Better yet, I think you could monitor the microinverter over its powerline network interface.
The 800 pound gorilla hiding in the closet though appears to be this, and I do not have an answer for mind you. Lets say that a significant number of people "go solar", but still stay connected loosely to the grid. Average daily power consumption need from the Utes goes down significantly. However, PEAK maximum backup power from Utes is still necessary if not mandated. This would cause a tremendous increase in cost per kilowatt as peak backup power is expensive in itself to maintain. If successful meaningful battery backup power is not invented the costs for maintaining the grid will still be fixed and at a higher cost.
I don't think we would immediately see the death spiral of Utility company viability because the grid will still be needed. So I wonder if the costs will just be shifted to higher monthly connectivity fees, thus negating a big savings in going solar?
Yeah, that's an issue.
I think PV tax credits will come under more attack from the states, and eventually even from the federal govt. The subsidies helped jumpstart an industry and drive prices from $10/watt down to $1/watt, but further subsidies are arguably of little impact.
HECO is already whining about us slimy net-metering customers not paying their fair share for the grid. However HECO's CEO earned nearly $6M last year, so I have a difficult time feeling guilty about my own selfishness. I've also watched HECO waste millions on flawed engineering analysis and dubious reliability/redundancy upgrades, so I'm skeptical that our grid-tied vampire behavior is worse than their bureaucratic and operational inefficiency.
In other words, they need to fix their own house and run it more like a business (and less like a government agency) before they come after us little guys.

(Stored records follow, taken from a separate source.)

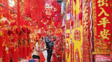 1月7日,在哈尔滨市兆麟公园,游客在观赏冰灯。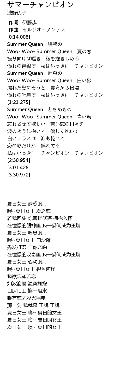 | [2:45.656][3:01.428][3:17.213] | Summer Queen Woo- Woo- Summer Queen |
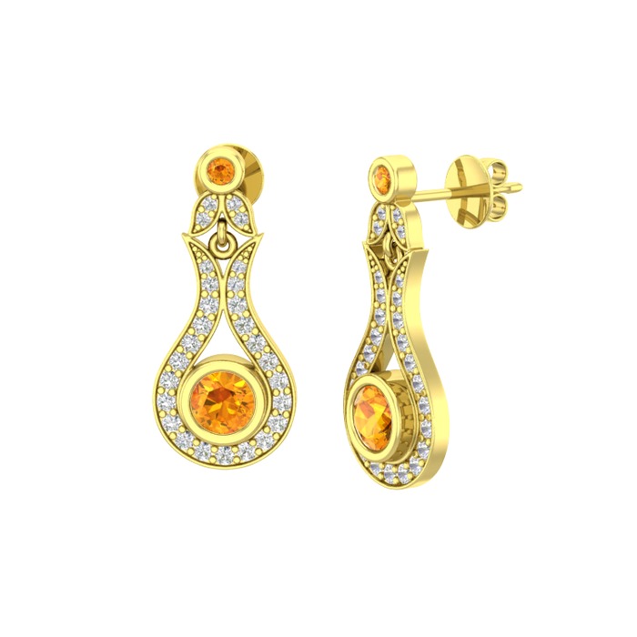 Sitrin ve swarovski 925 ayar altın kaplama gümüş küpe

Our house was net-metering agreement #26, and today Oahu has tens of thousands of net-metered installations out of more than a million customers. In other words, they're hysterical about fewer than 5% of their customers. If HECO adds a feed-in tariff then I'll grudgingly pay it. But first I'll do the math and compare HECO's price to the long-term cost of lead-acid batteries or Tesla PowerWalls.
Electricity is a commodity, and I'm not going to pay for infrastructure any more than cell phone users want to pay for a landline telephone. Even our local landline phone company has figured out that its customers will still pay for IPTV and fiber-optic Internet access. Maybe HECO will come up with a similar business model that extracts the last penny out of their infrastructure.